-------- Records for the task

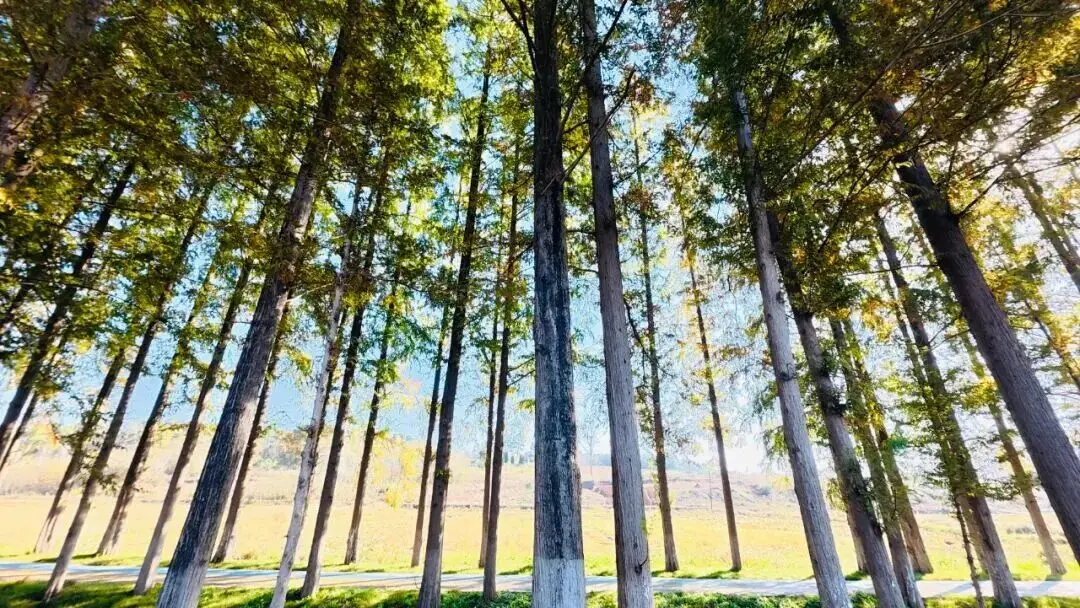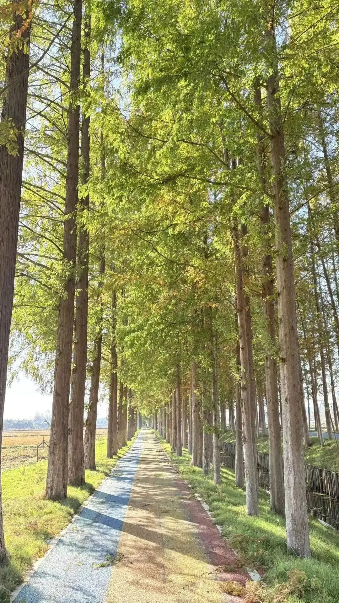 一踏入“十里长杉”的范围,有一排排水杉,它们在路边整齐地站立成排。这些水杉是在1990年寒冷的冬天栽种的,到如今已经扎根30多年了,树的年龄超过30年。它们长得笔直且高大,枝叶生长得很繁茂,在空中相互交叉连接,其中最高的差不多有5层楼那么高。
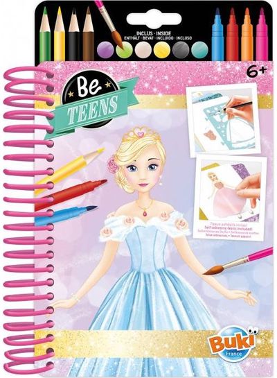 Rinkinį sudaro: 4 spalvoti pieštukai, 4 dvipusiai flomasteriai. Taip pat eskizų knygelė, kurioje yra 28 puslapiai, 6 puslapiai drabužių, kuriuos galima nuspalvinti, ir 22 puslapiai paveikslėlių.
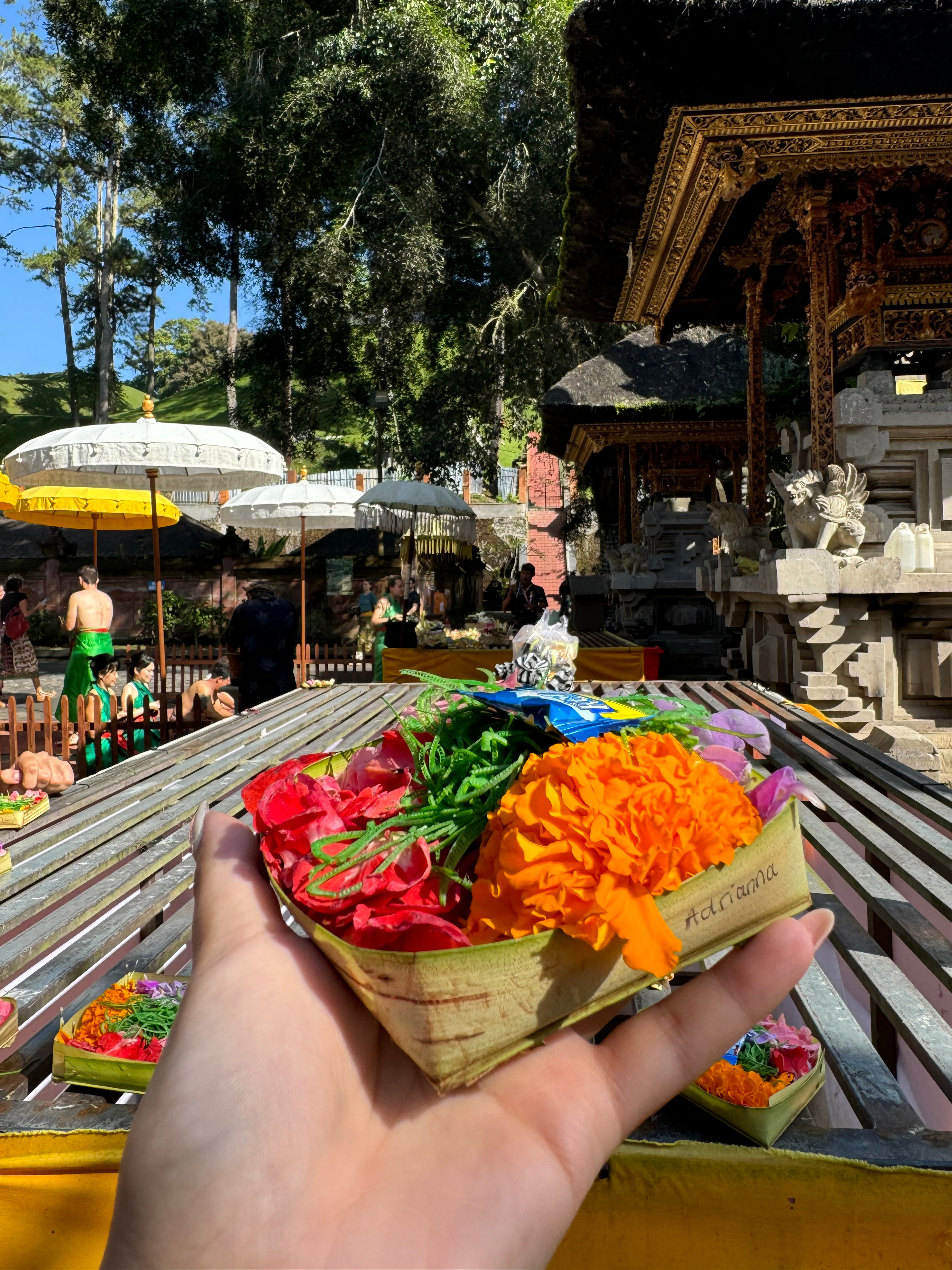 Beyond my work in the classroom, my cultural immersion in Bali provided invaluable insights. Participating in traditional ceremonies, such as the holy water cleansing at Tirta Empul, deepened my appreciation for the spiritual significance of purification rituals. Observing daily canang sari offerings reinforced the importance of gratitude and mindfulness in Balinese culture.
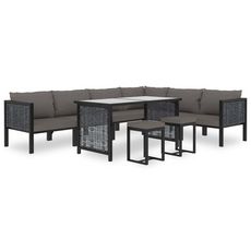 Salon de jardin 9 pcs avec coussins Resine tressee Anthracite
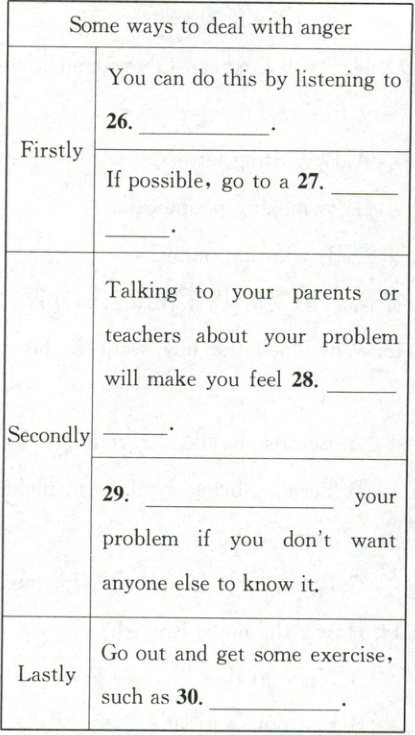 26. peaceful music 27. quiet place 28.a lot better 29. Write down 30. running or swimming
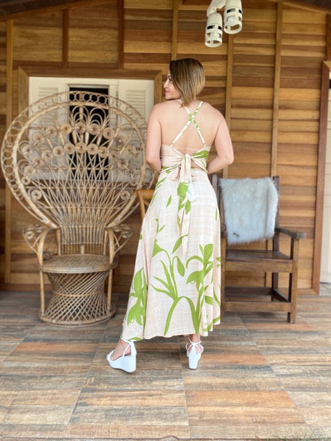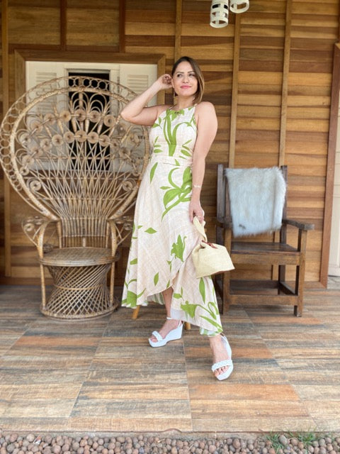 O Conjunto Sofy Cropped da Belly Moda é confeccionado em viscose premium, garantindo um toque macio e suave. Com modelagem evasê na saia com transpasse, o conjunto possui cropped frente única com ajuste de amarração na parte de trás e bojo. O comprimento é midi, e a peça conta com uma estampa super moderna. O top é forrado na região do busto, e a saia é forrada até a altura do quadril, garantindo conforto e estilo em um único conjunto.
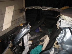 Ein PKW fährt auf einen fahrenden LKW auf und verkeilt sich in Hänger - PKW Fahrer überlebt verletzt - Ein Weihnachtswunder
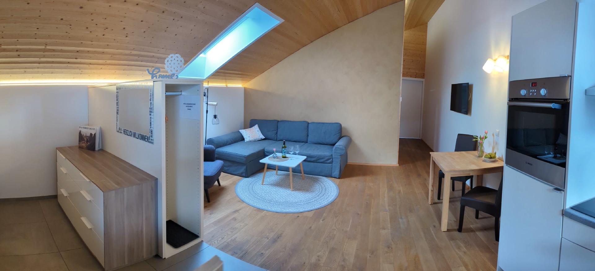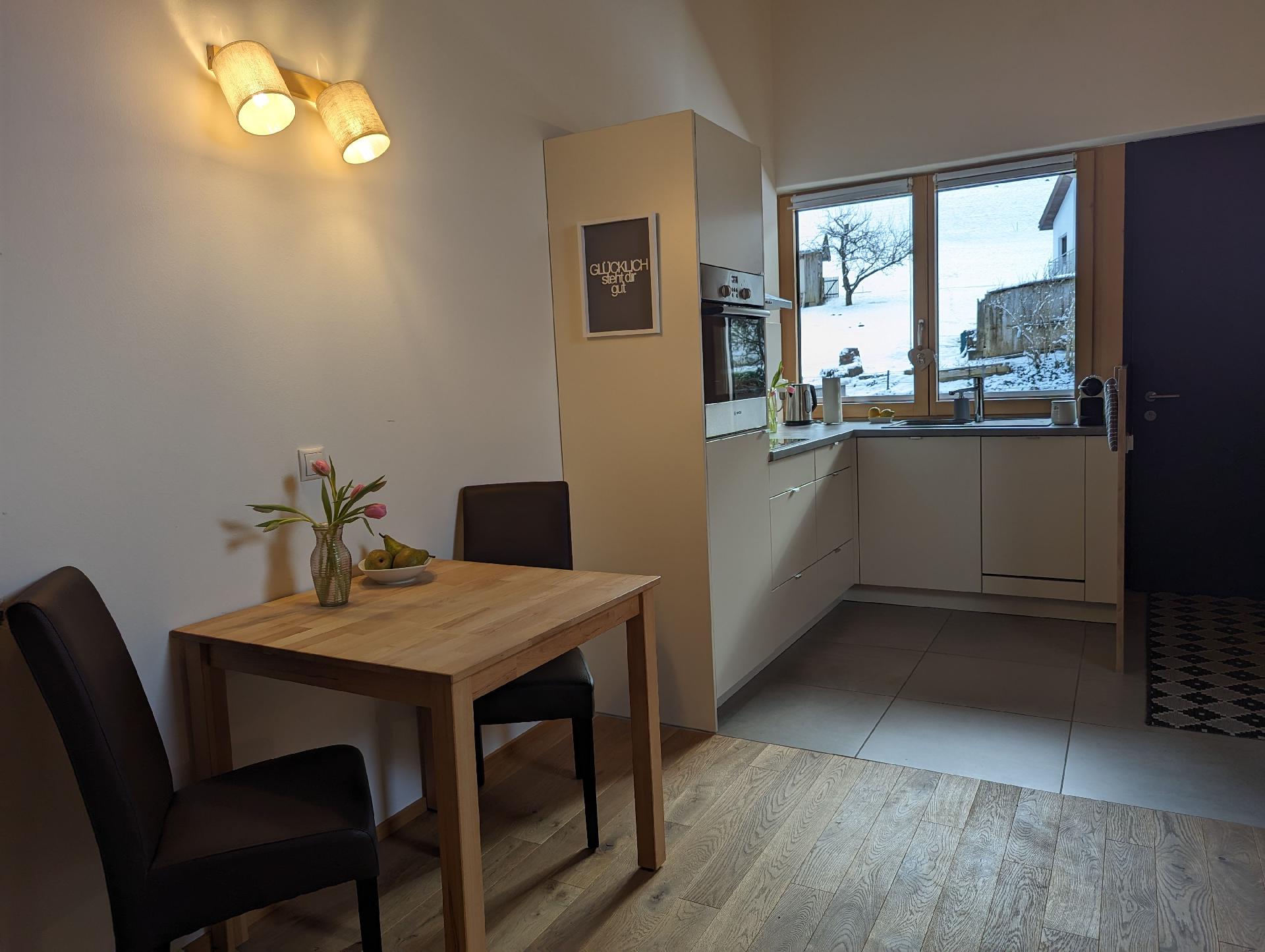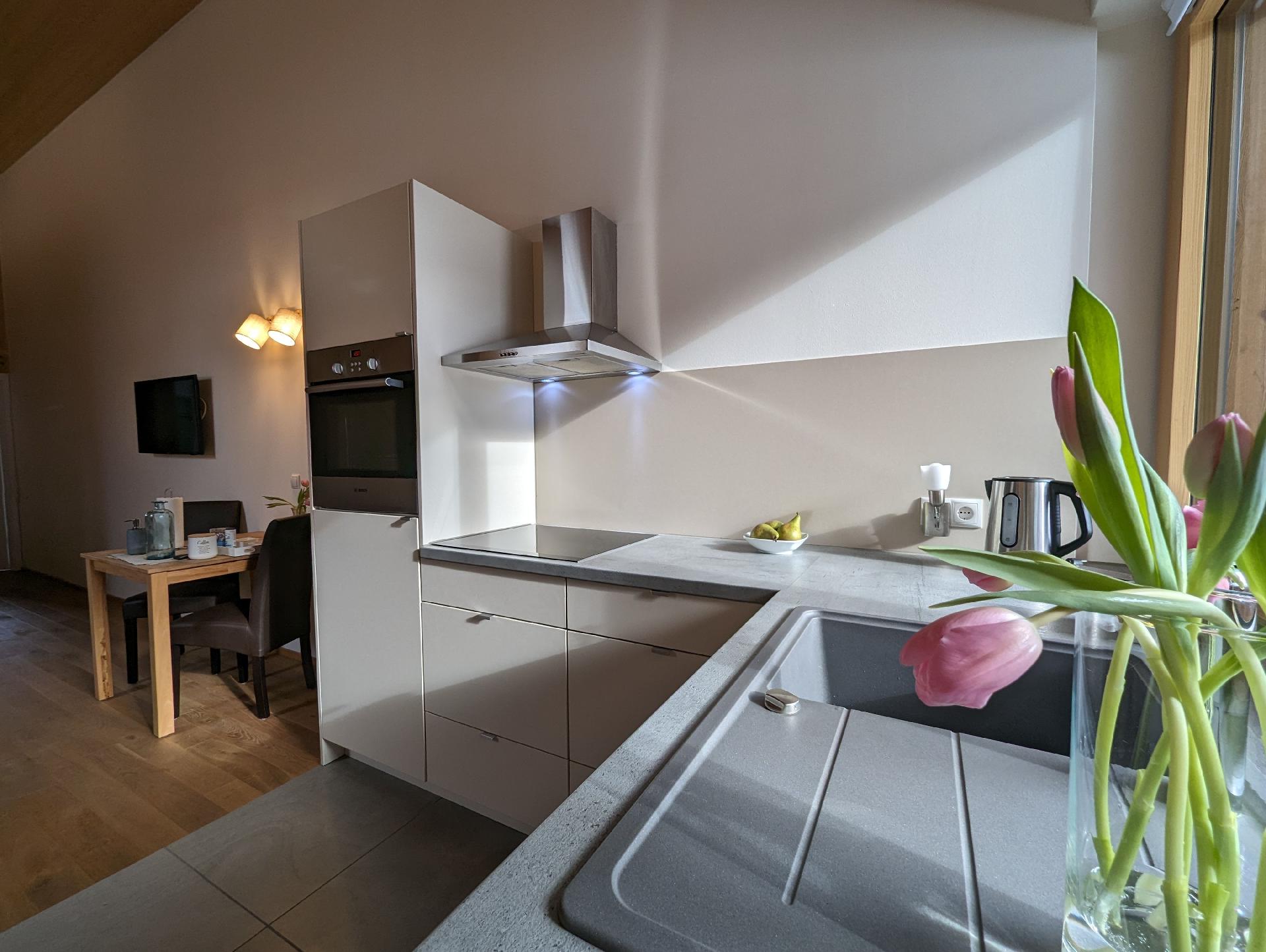 Das Interieur der Wohnung Auszeit ist darauf ausgerichtet, Ihren Aufenthalt so komfortabel wie möglich zu gestalten. Die Fußbodenheizung sorgt in jeder Ecke für wohlige Wärme, während der bereitgestellte Ventilator an wärmeren Tagen für eine angenehme Brise sorgt. Zur Ausstattung gehören zudem ein Cerankochfeld, eine Kapsel-Kaffeemaschine sowie eine Spülmaschine, die Ihnen den Alltag erleichtern. Obwohl Küche und Badezimmer als Herzen der Wohnung dienen, sind es die vielen kleinen Annehmlichkeiten, die Ihren Aufenthalt besonders machen.
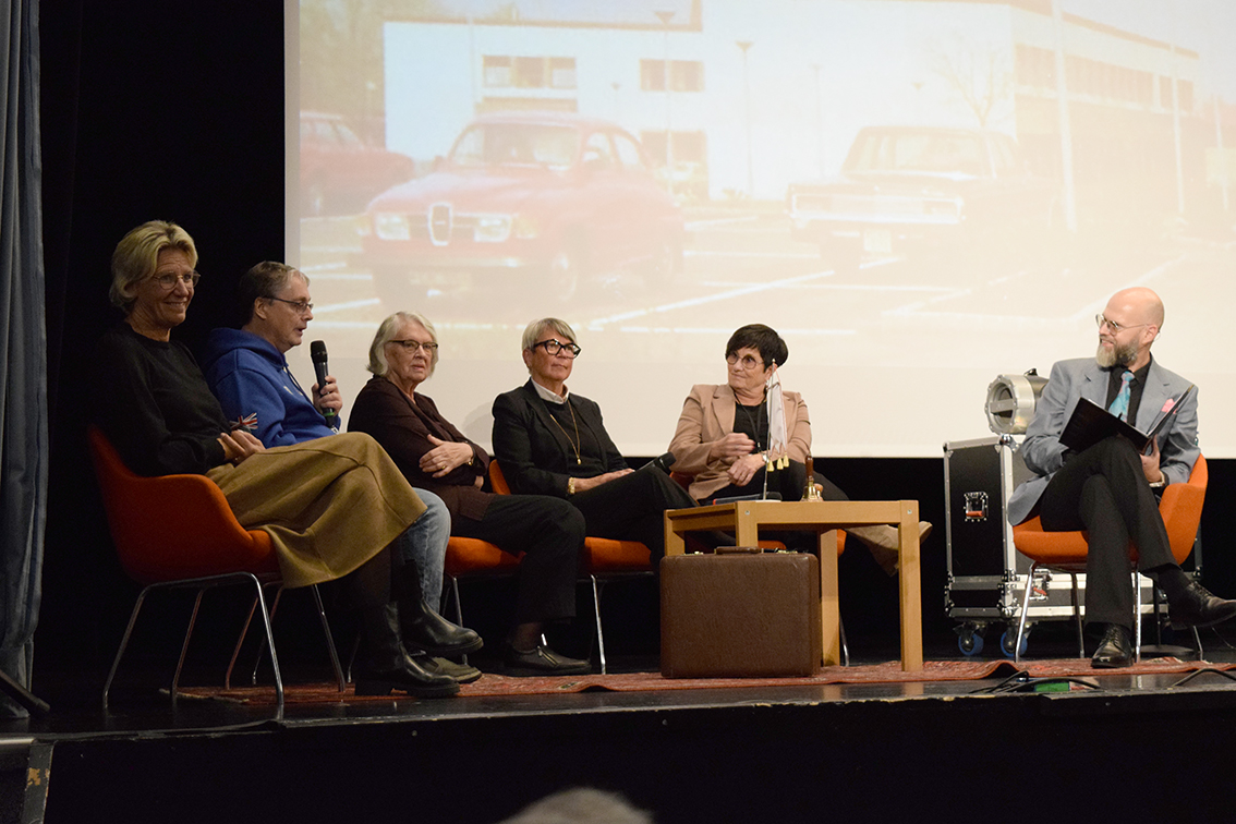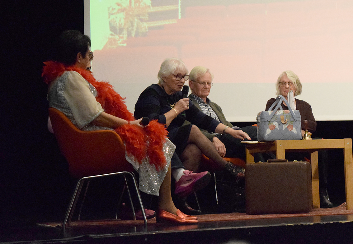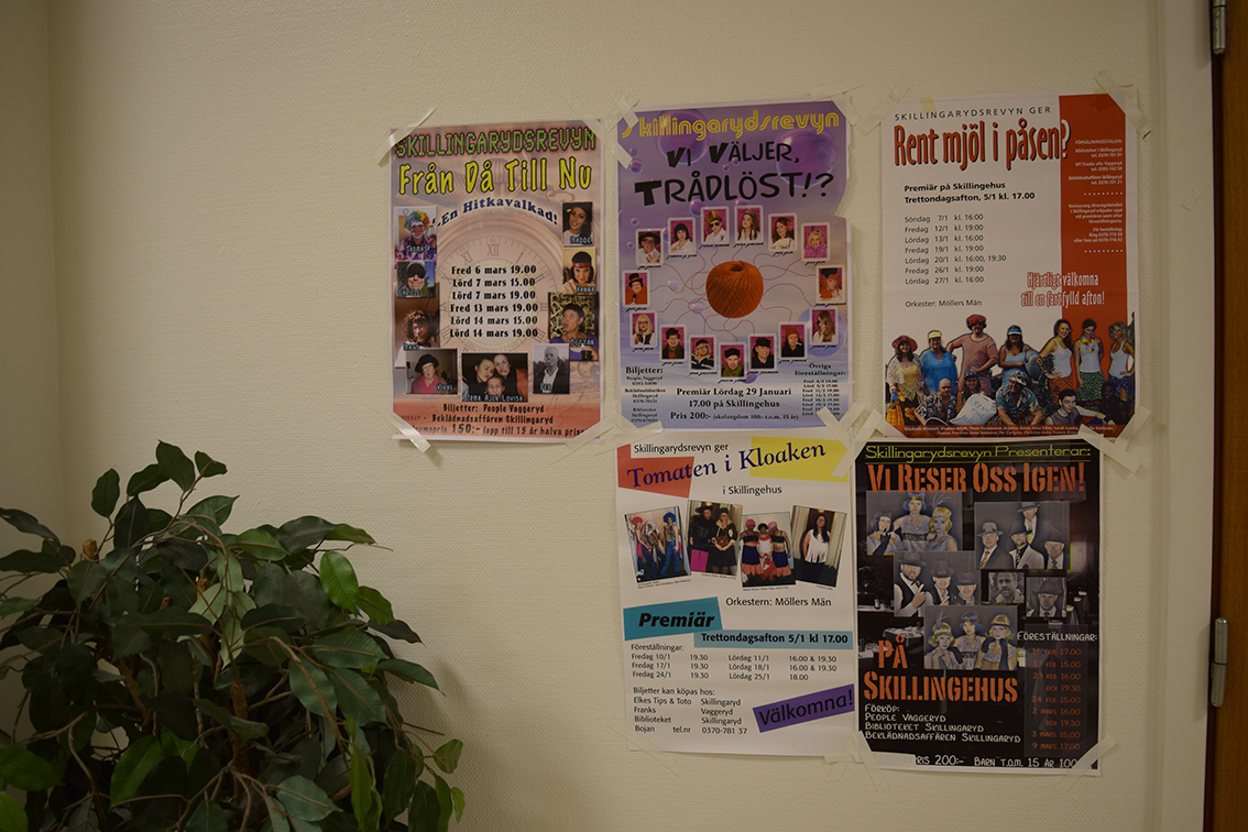 Hur var Skillingehus som arbetsplats?  Ingeborg Palm, Eva Carlsson, Annika Hedvall, Marita Sjöberg Wågesson och Torbjörn Lindberg kom upp på scenen. Eva var 17 år när hon började jobba på kommunkansliet. – Jag fick åka med de högsta männen till jobbet, Verner Göthberg och Lars-Gunnar Brännström plockade upp mig vid Götafors skola varje morgon. På den tiden hade man inga datorer, vi använde oss av handskrivmaskiner, den som man skrev för stod bakom ryggen. Jag fick mitt jobb sedan på socialkontoret i Vaggeryd men vi flyttade tillbaka hit 2002 i det som då varit bibliotek tidigare.

----------------

▸ Problem details
Whatever pictures the records hold, omit them; give again exactly the lines from the one containing "Salon de jardin" through the one containing "26. peaceful music".

▸ Exercise result
 Salon de jardin 9 pcs avec coussins Resine tressee Anthracite
 26. peaceful music 27. quiet place 28.a lot better 29. Write down 30. running or swimming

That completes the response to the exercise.